Fine pena mai. Jawad Hicham (foto a destra) paga con l’ergastolo il doppio femminicidio di aprile. Il marocchino di 38 anni uccise con quasi trenta coltellate compagna e suocera dopo un litigio iniziato con uno scambio di messaggi su WhatsApp. La sentenza è stata pronunciata ieri dalla corte d’Assise presieduta dalla giudice Annamaria Loprete. Nell’udienza il pm Marco Dioni aveva chiesto la pena massima: ergastolo per omicidio volontario con l’aggravante del vincolo parentale. La difesa dell’uomo, aveva chiesto invece la concessione delle attenuanti generiche e lo sconto di un terzo della pena. Hicham uccise a coltellate Sara Ruschi, 35 anni e la mamma di lei Brunetta Ridolfi, 76 anni, in un appartamento poco fuori dalle mura del centro di Arezzo nella notte tra il 12 e il 13 aprile scorso. Un duplice delitto che si consumò di fronte ai figli della coppia, una bimba di 2 anni e un ragazzo di 16. Dopo appena un’ora di camera di consiglio, la corte ha pronunciato la sentenza.

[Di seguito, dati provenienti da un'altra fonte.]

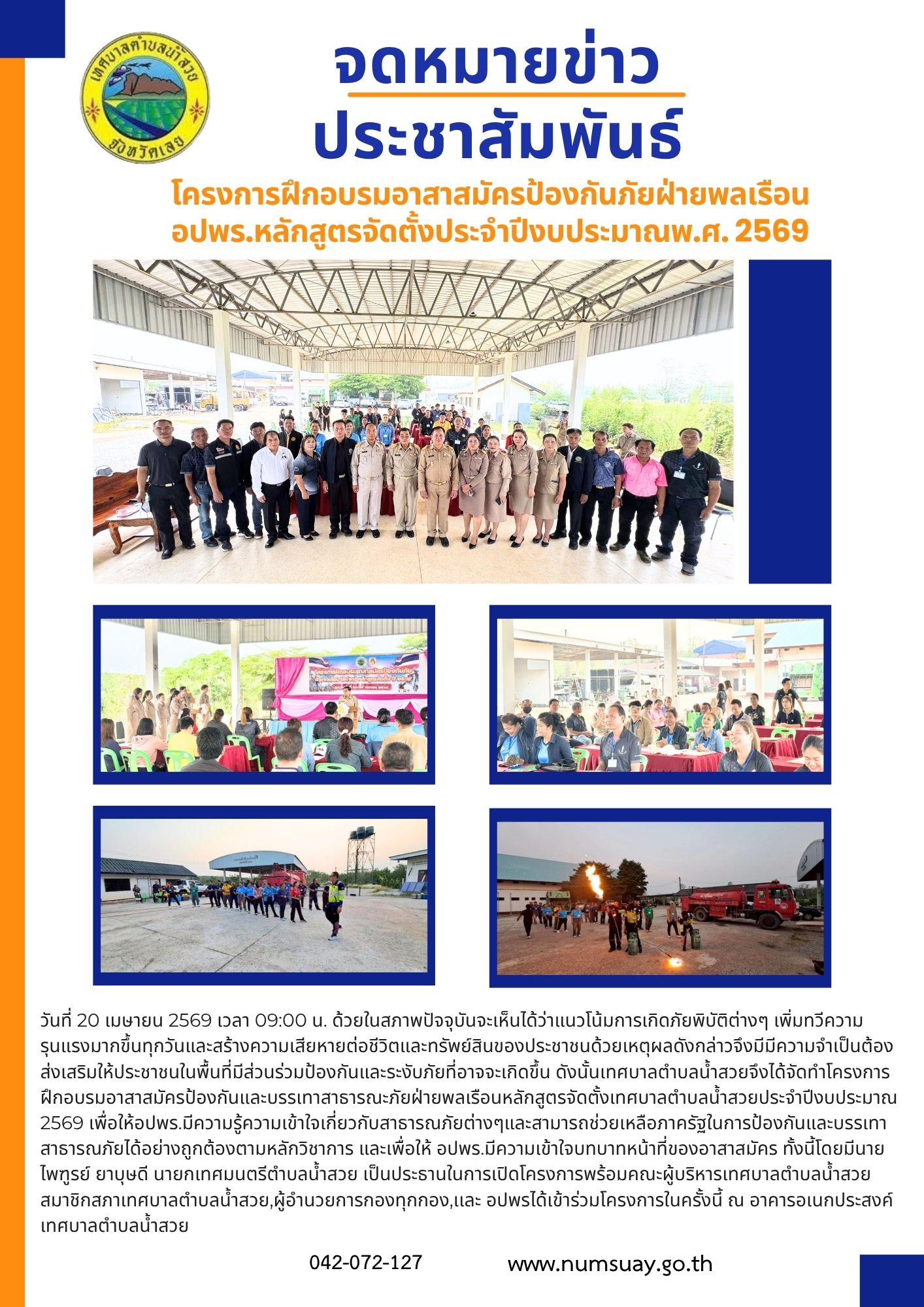 โครงการฝึกอบรมอาสาสมัครป้องกันภัยฝ่ายพลเรือน อปพร.หลักสูตรจัดตั้งประจำปีงบประมาณพ.ศ. 2569
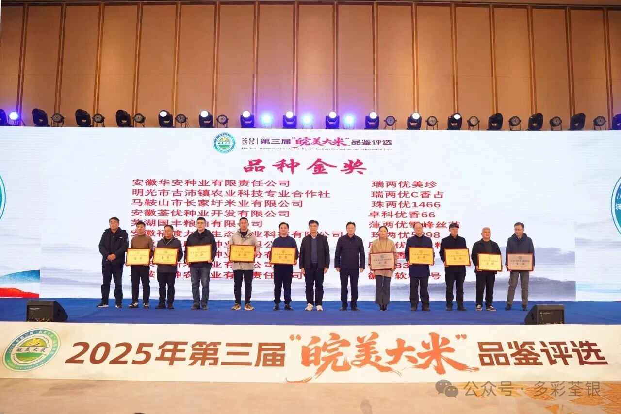 12月21日,第三届“皖美大米”品鉴评选结果发布会在合肥举行,活动由安徽省农业农村厅、安徽省粮食和物资储备局主办,安徽省农业技术推广总站、安徽省农业科学院水稻研究所承办。来自荃银高科的品种瑞两优美珍、瑞两优C香占、卓科优香66、欣两优黄秀籼、科优香 66,荣获优质稻品种食味品鉴金奖,金奖占比50%。此外,荃银高科的品种荃广优银泰香占、荃香19荣获优质稻品种食味品鉴银奖。
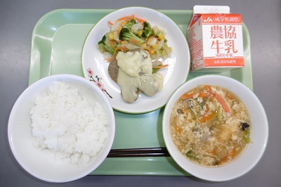 11日の給食献立は、「福島市110周年お祝い献立」の第1弾でした。メニューは、ごはん、牛乳、ゆきうさぎのホワイトソースがけ、グリーンサラダ、卵のスープでした。福島市をイメージしたメニューに驚きました。
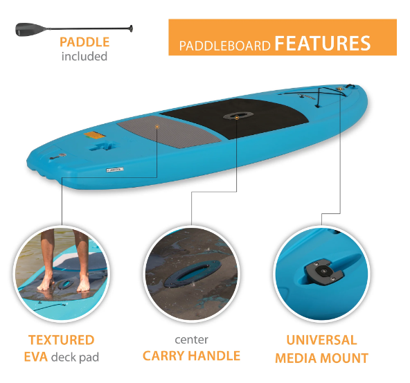 Lifetime Amped 11 ft Stand-up Paddleboard Perfect for intermediate paddlers Durable high-density polyethylene (HDPE) construction UV-protected; will not fade, crack, or peel Retractable fin for surf or flat water paddling Front deck bungee for accessible storage Eva deck covering for increased traction Center carry handle for easy transport to the waterfront Paddleboard leash attachment loop
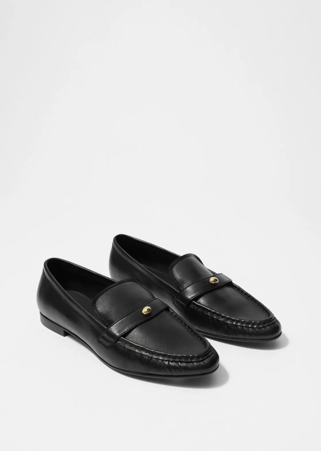 These loafers are crafted from impeccably smooth leather in Portugal. This pair has a gold-tone embellishment, a slight heel for lift and sleek almond toe. Loafers will work with just about anything in your wardrobe.
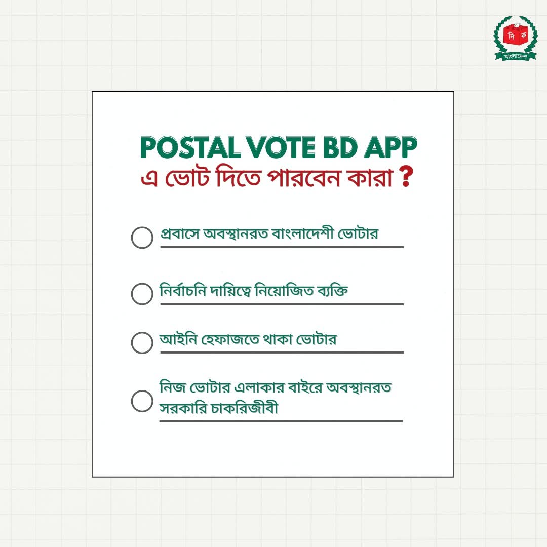 দেশের বাইরে থেকে ভোট দিতে Postal Vote BD অ্যাপটি ডাউনলোড করুন!

"Pensavo che avrebbero dato una pena più bassa, di pochi anni, ma finalmente quello che avevamo sperato per mesi è accaduto ed è un sollievo" ha detto subito dopo il verdetto il figlio, oggi diciassettenne, di Jawad Hicham e Sara Ruschi. Il ragazzo ha seguito tutte le udienze del processo: ieri era in aula alla lettura della sentenza con il nonno e gli zii materni.
Secondo quanto emerso la furia dell’uomo scoppiò dopo una serie di messaggi con la moglie, che era in un’altra stanza della casa, e degenerati in offese. Una ventina le coltellate inferte alla donna, tre quelle alla madre di Sara Bruschi che viveva con loro e sarebbe intervenuta in difesa della figlia. L’omicida uscì in strada e da una cabina telefonica, chiamò la polizia. La difesa di Hicham aveva chiesto la perizia psichiatrica, istanza rigettata dalla corte. Oltre all’ergastolo è previsto un anno di isolamento e una provvisionale complessiva di 450 mila euro a favore dei parenti delle vittime.